Texas Home School Coalition Association Review © Winter 1998

 

 

I was sitting in the airport in Amarillo, Texas, waiting to board the flight home to Dallas.  Trying to shut out Oprah’s interviews on the TV, I attempted to focus on reading The Red Badge of Courage that I had assigned my American history class to finish by Thursday.  A young lady sat down beside me, smiled, and asked what Oprah was talking about.  I said I had not been listening to the show very closely, but it seemed to be a program aimed at women who were overcommitted.  About that time the schedule of one of the “overcommitted women” flashed on the screen.  The studio audience groaned as they sympathized with the woman’s plight.  Her schedule consisted of overseeing three children, attending her daughter’s volleyball games, and serving in five volunteer organizations.  I waited for the screen to roll over and list the rest of her obligations, but that was it!!

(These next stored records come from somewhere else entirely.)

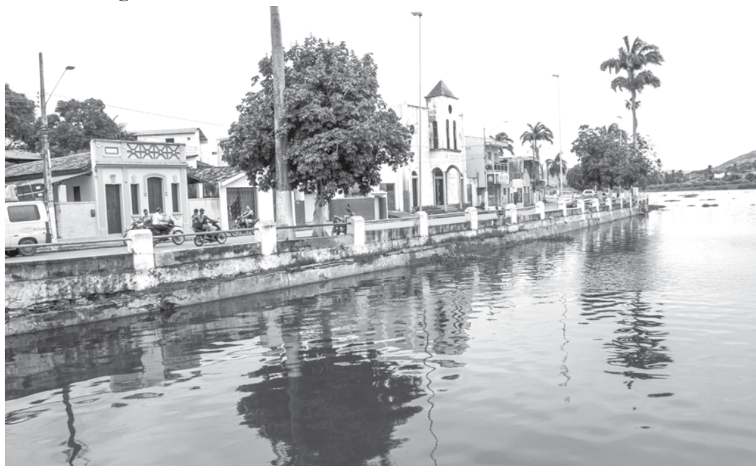
O rio e a civilização
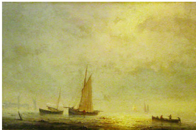
154. GILBERT Pierre J. Retour de pêche. Huile sur panneau signée et datée 1850. 23 x 35 cm.
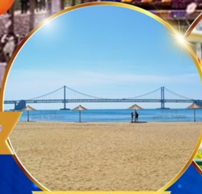
หาดแฮอินแด
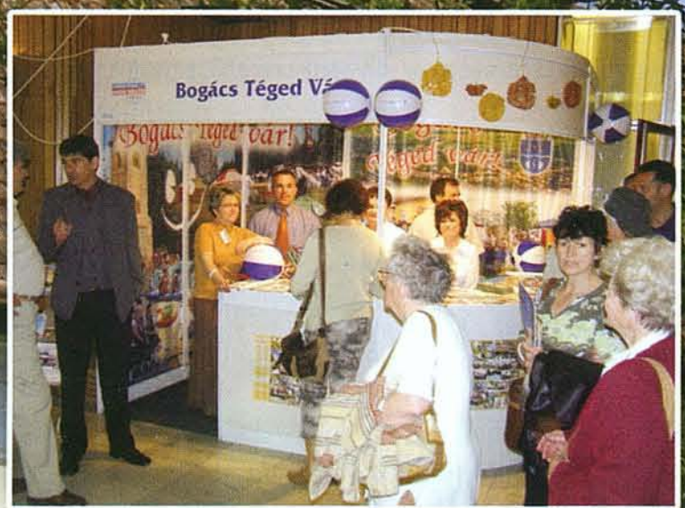
A bogácsi stand az érdeklődés közepontjában volt

Stunned, I moved toward the gate to board the plane.

 

Once seated, I drew out my legal pad and began to list my obligations:

Teaching home school as well as overseeing a ten-year-old

and a sixteen-year old;

      Writing a 200-page book for the third KONOS-In-A-Box, due at the end of

February (I had just finished the second book in November.);

      Teaching an American history class one day a week to eight students,

ages ten to sixteen, which included all their history, writing, literature, and art;

    Teaching a KONOS “Cooperation” unit on the systems of the body once a week to seventeen students, ages six to twelve (True, I had great helpers, but I was in charge of all the teaching and planning.);

    Writing three 750-word articles within the next two weeks;

     Designing a new brochure for KONOS by the first of February;

     Planning my menu for our KONOS Rep weekend and beginning to prepare in that direction (We have 20 reps who come to our home in February for a weekend and eight meals, which I prepare with help.);

    Helping my mother in Amarillo, who was going through trials following the death of her husband;

     Being available for my two older sons, who are in college, as well as for my mother-in-law, who had just buried her 100-year-old mother.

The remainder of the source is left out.